Yes, Fyre Festival 2 is allegedly happening, and if that sentence alone didn’t make you laugh, just wait until you hear the details.
A Festival That Exists… Nowhere
McFarland, who famously scammed hundreds of festival-goers out of their hard-earned cash before spending four years in prison for fraud, is once again promising a luxury island experience—this time on Isla Mujeres, Mexico.
There’s just one small issue: Isla Mujeres has no idea what he’s talking about.
According to Edgar Gasca, head of the island’s tourism directorate:
“We have no knowledge of this event, nor contact with any person or company about it.”
Which is a polite way of saying ‘What festival?’
The local government has since publicly denied that any permits have been issued, and even the hotels listed as accommodation on the festival’s website are scratching their heads. One, Impression Isla Mujeres, outright stated they hadn’t received any contact about hosting Fyre 2 and were now looking into it.
And it gets even better.
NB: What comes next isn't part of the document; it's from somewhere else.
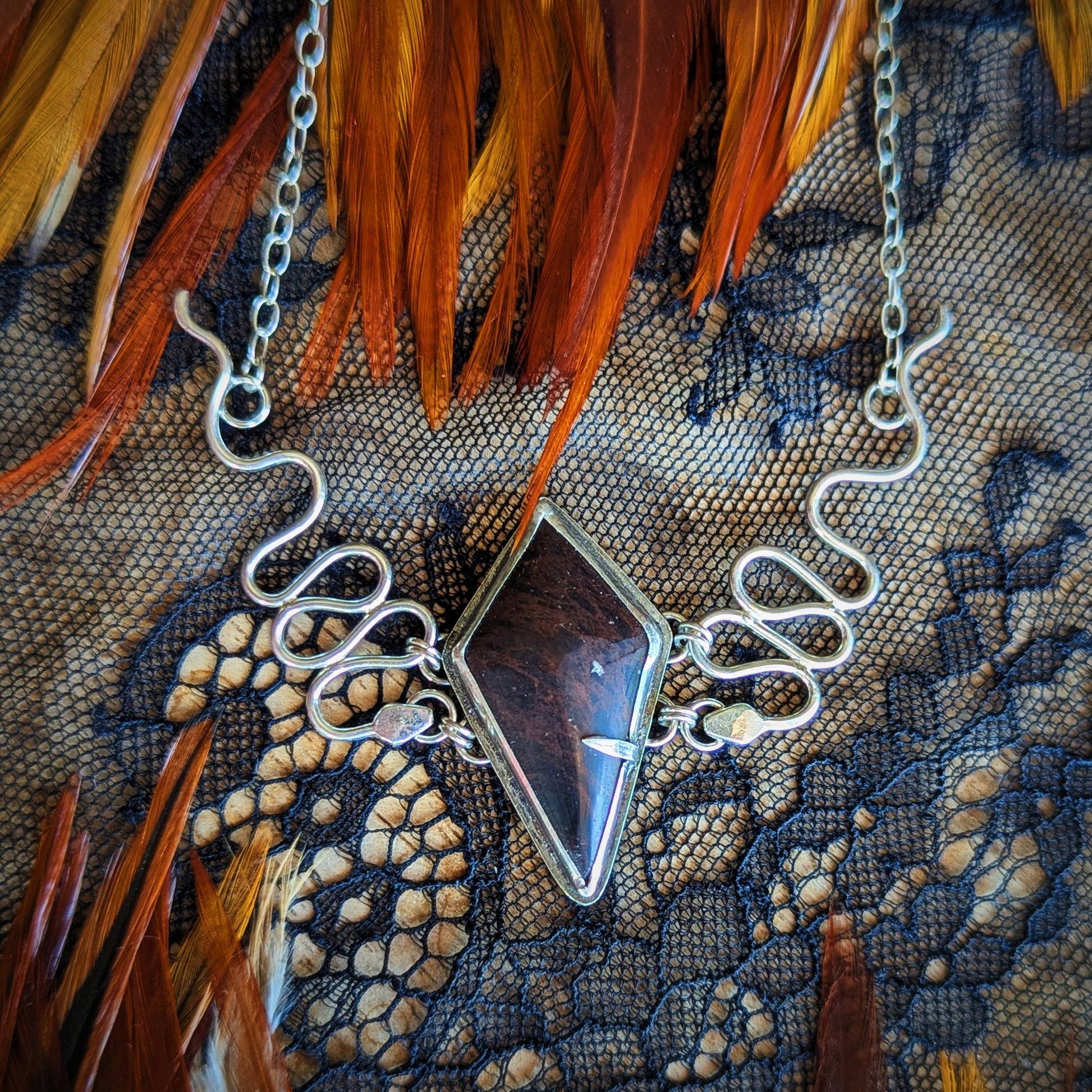 Command attention with this Mahogany Obsidian Serpent Crown Necklace, a true witchy statement piece. The centerpiece features a hand-cut kite-shaped mahogany obsidian stone set in sterling silver with a secure bezel setting. Handmade serpents frame the stone on either side, creating a regal crown effect that exudes power, mystery, and dark magic. At 18 inches in length, this necklace sits perfectly on the collarbone, making it an ideal focal point for any outfit. Perfect for those who embrace bold, alternative style and aren't afraid to channel their inner witch with jewelry that celebrates the supernatural and mystical.

If you input the festival’s listed coordinates into Google Maps, it doesn’t take you to a beach, a hotel, or even land—it takes you to the ocean. Between Isla Mujeres and Cancún.
So, unless McFarland has suddenly discovered how to host an underwater music festival, this might be a tiny problem.
The Price of a Scam? Up to $1.1 Million
Despite the lack of artists, permits, confirmed venues, or any tangible evidence this event is real, tickets went on sale this week. Prices range from $1,400 (£1,100) for the bargain hunters, to a jaw-dropping $1.1 million (£871,000) for the most luxurious package. Because apparently, nothing says “exclusive experience” like throwing a million dollars at an event that may or may not exist.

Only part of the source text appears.